Voici quelques grands titres de la presse francophone de ces derniers jours. Tout en nuances.

A l’origine de ces articles, une étude parue dans la revue Human Reproduction et signée par des chercheurs danois, finlandais et français.

De quoi s’agit-il ?

Cette étude avait pour objectif d’étudier l’impact de la prise de médicaments antalgiques usuels (Paracétamol, Ibuprofène et Aspirine) sur la survenue d’une malformation affectant les nouveau-nés masculins : la cryptorchidie (Les testicules se forment dans l’abdomen des fœtus et descendent normalement au cours de la grossesse pour prendre leur place dans les bourses. La cryptorchidie, c’est quand un testicule, ou les deux, ne descend pas complètement).
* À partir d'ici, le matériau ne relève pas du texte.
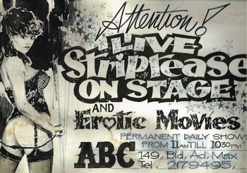 The ABC not only thanked this status to its screening of high-quality celluloid, but also to the combination with live striptease. Jimmy Pantera: “The striptease acts between the films, from ten in the morning until ten in the evening, made the ABC unique. In fact, there were no film screenings as such. You could come in and out whenever you wanted with a ticket that was valid all day. Every hour, the film would be interrupted by a striptease, often in the middle of the film.”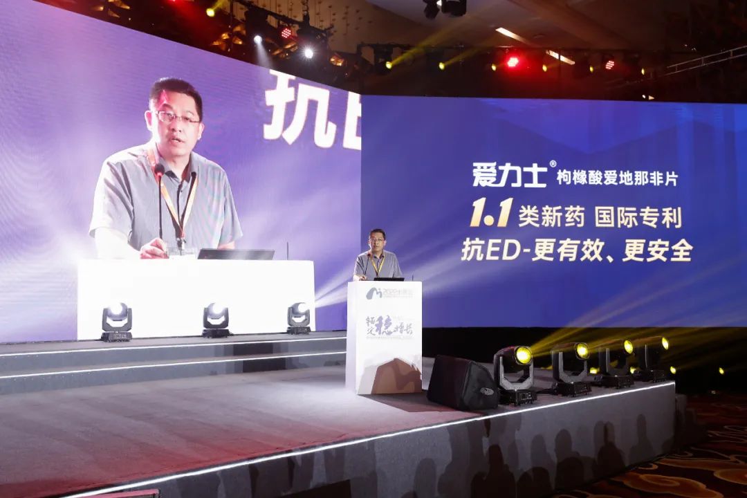 7月13日,活动现场悦康药业董事于鹏飞先生做了题为《找准切入点,掘金市场价值“洼地”》主论坛演讲。通过立足分析药品终端市场发展特点、趋势,深入延伸ED用药市场分析。进而展开爱地那非产品对零售药店的动销赋能做专业解读分享。他指出,作为中国第一个自主研发的PDE-5抑制剂,爱力士枸橼酸爱地那非片不仅是”十五“国家”863“计划科技部重大专项,同时也是”十二五“重大新药创制项目。爱地那非是经过权威医疗机构开展的多中心、随机、双盲、安慰剂平行对照临床试验验证了的,有效率高、勃起硬度优、安全性高、起效迅速、不受高脂饮食影响且吸收迅速,代谢无残存的优质产品。自从2022年1月上市以来,深受合作伙伴和众多患者的好评。

Pour étudier ceci, les chercheurs ont combiné deux volets : une étude épidémiologique chez des femmes enceintes danoises (1 040 garçons examinés) et finlandaises (1 470) et une étude expérimentale sur des rats.

Il est important de noter que le volet humain correspond à une étude épidémiologique descriptive. Ce type d’étude permet d’établir une corrélation mais n’autorise en aucun cas à affirmer un lien de cause à effet. On peut uniquement le soupçonner.

Que démontre-t-elle ?

(pour ceux qui veulent zapper la partie aride, rendez-vous plus bas à « Mais, mais, mais »)

D’une part que l’administration de Paracétamol et d’Aspirine chez la rate entraîne un surcroît de cryptorchidie, d’autant plus que les doses administrées sont importantes.

D’autre part qu’il semble exister, non pas UN mais DES liens statistiques entre la prise d’antalgiques par les femmes enceintes et la survenue d’une cryptorchidie chez les garçons nouveau-nés.

Pourquoi ces réserves ?

Déjà parce que l’étude a choisi de ne retenir que 491 des 1 040 mères danoises. En effet, dans l’étude danoise, les mères étaient interrogées sur leur consommation médicamenteuse soit par un auto-questionnaire écrit qui demandait s’il y avait eu « des prises médicamenteuses », soit par un entretien téléphonique au cours duquel on leur demandait expressément si elles avaient pris des antalgiques, soit avec les deux méthodes combinées. Or 56% des mères interrogées par téléphone ont déclaré une prise d’antalgiques contre seulement 26% de celles ayant utilisé l’auto-questionnaire et pour lesquelles, vraisemblablement, la prise d’antalgiques banaux était négligeable et ne correspondait pas à « des prises médicamenteuses ».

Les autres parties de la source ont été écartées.